Using the listing below, give again exactly the lines from the line with "- Encima el" to the line with "4、在賬戶與安全界面,點擊注銷賬戶信息選項,進入注銷賬戶信息頁面。", inclusive, without the pictures.

### [Supplied material]
++++++
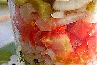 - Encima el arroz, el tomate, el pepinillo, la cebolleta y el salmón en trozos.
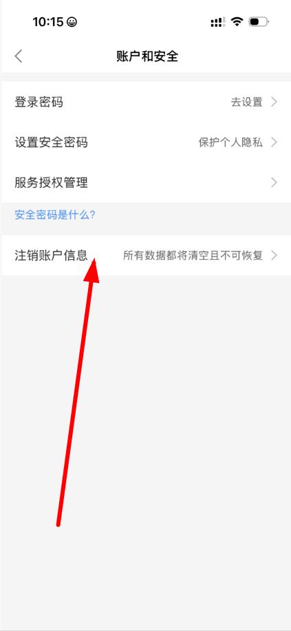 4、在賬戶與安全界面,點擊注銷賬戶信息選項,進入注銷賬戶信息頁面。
++++++
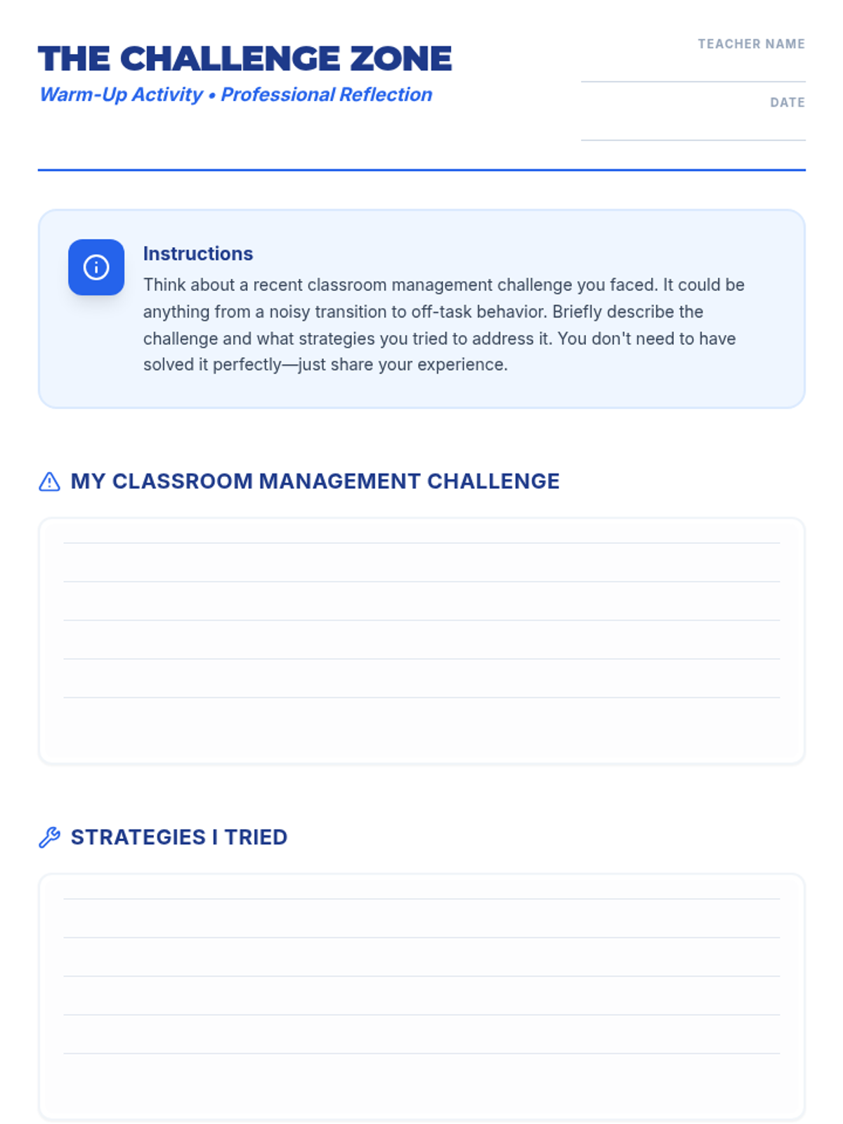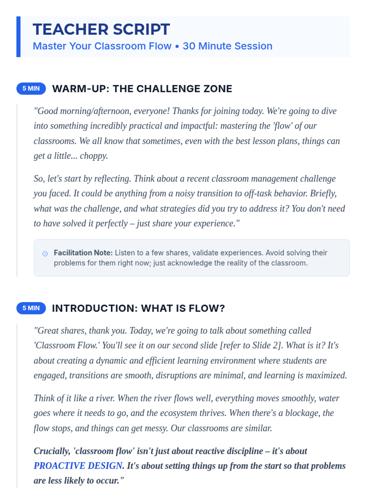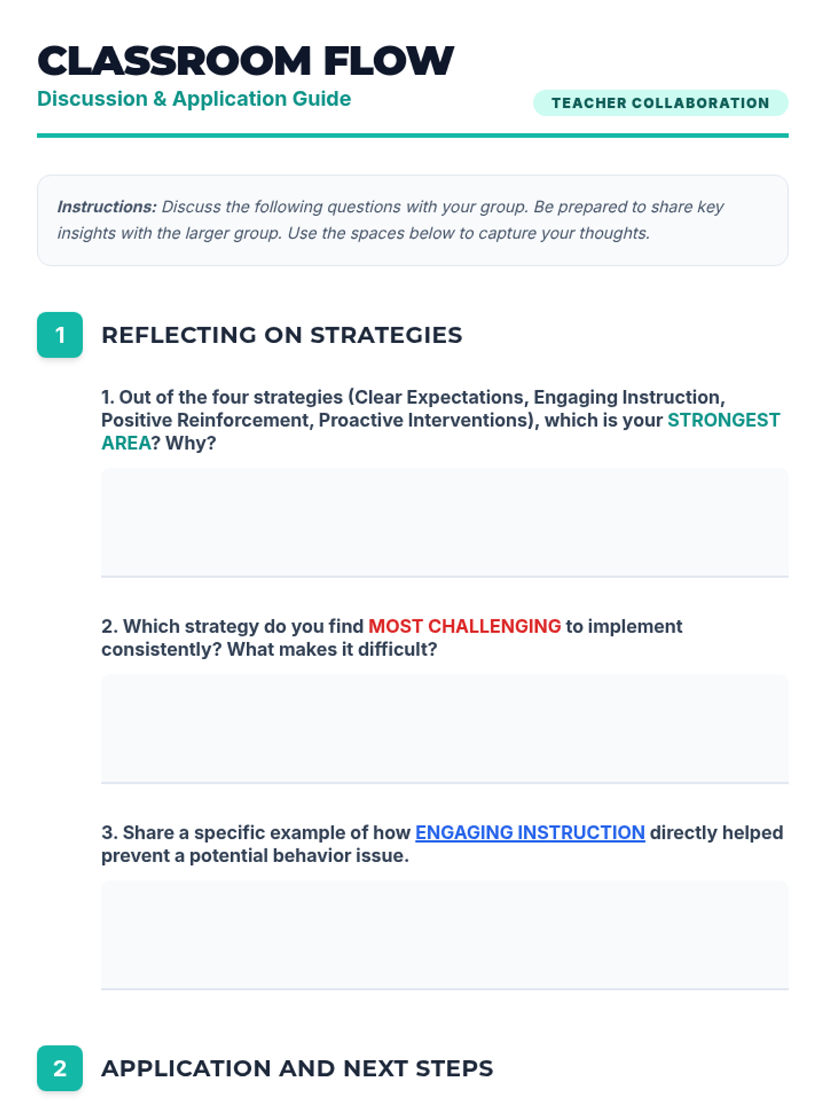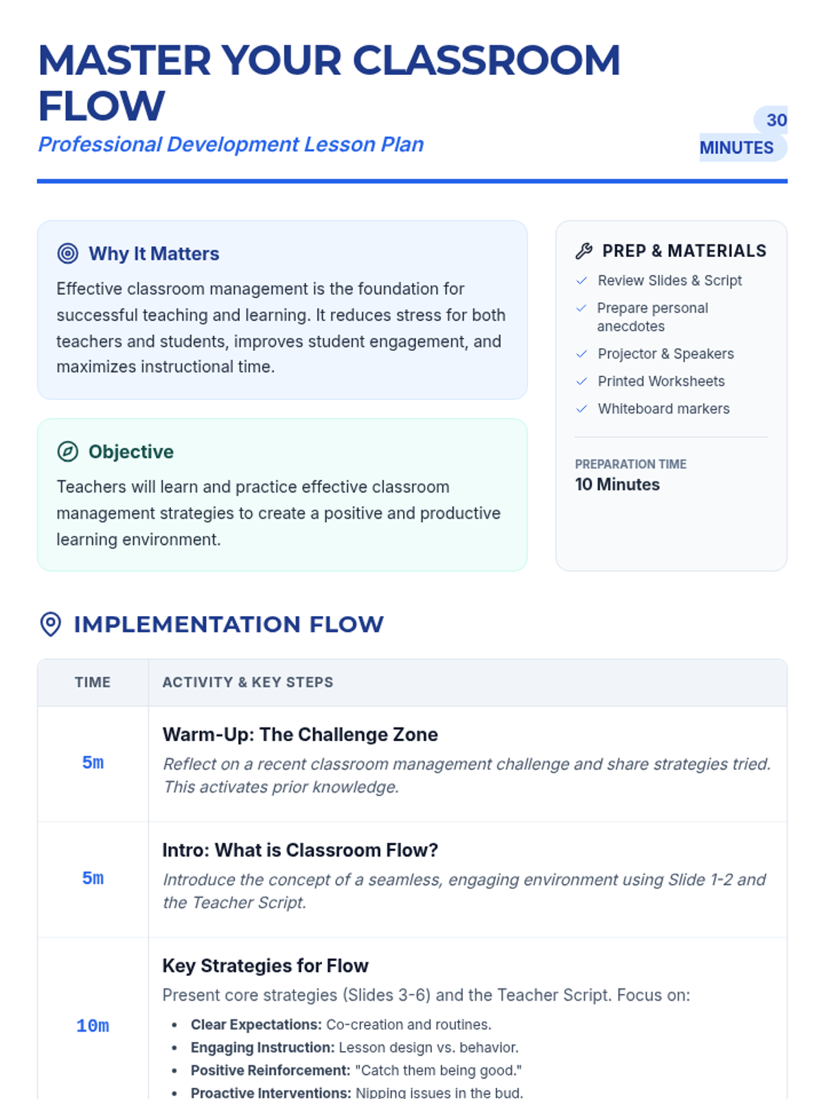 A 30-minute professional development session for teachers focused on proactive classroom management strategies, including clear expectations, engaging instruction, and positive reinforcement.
++++++
### [Expected answer]
 - Encima el arroz, el tomate, el pepinillo, la cebolleta y el salmón en trozos.
 4、在賬戶與安全界面,點擊注銷賬戶信息選項,進入注銷賬戶信息頁面。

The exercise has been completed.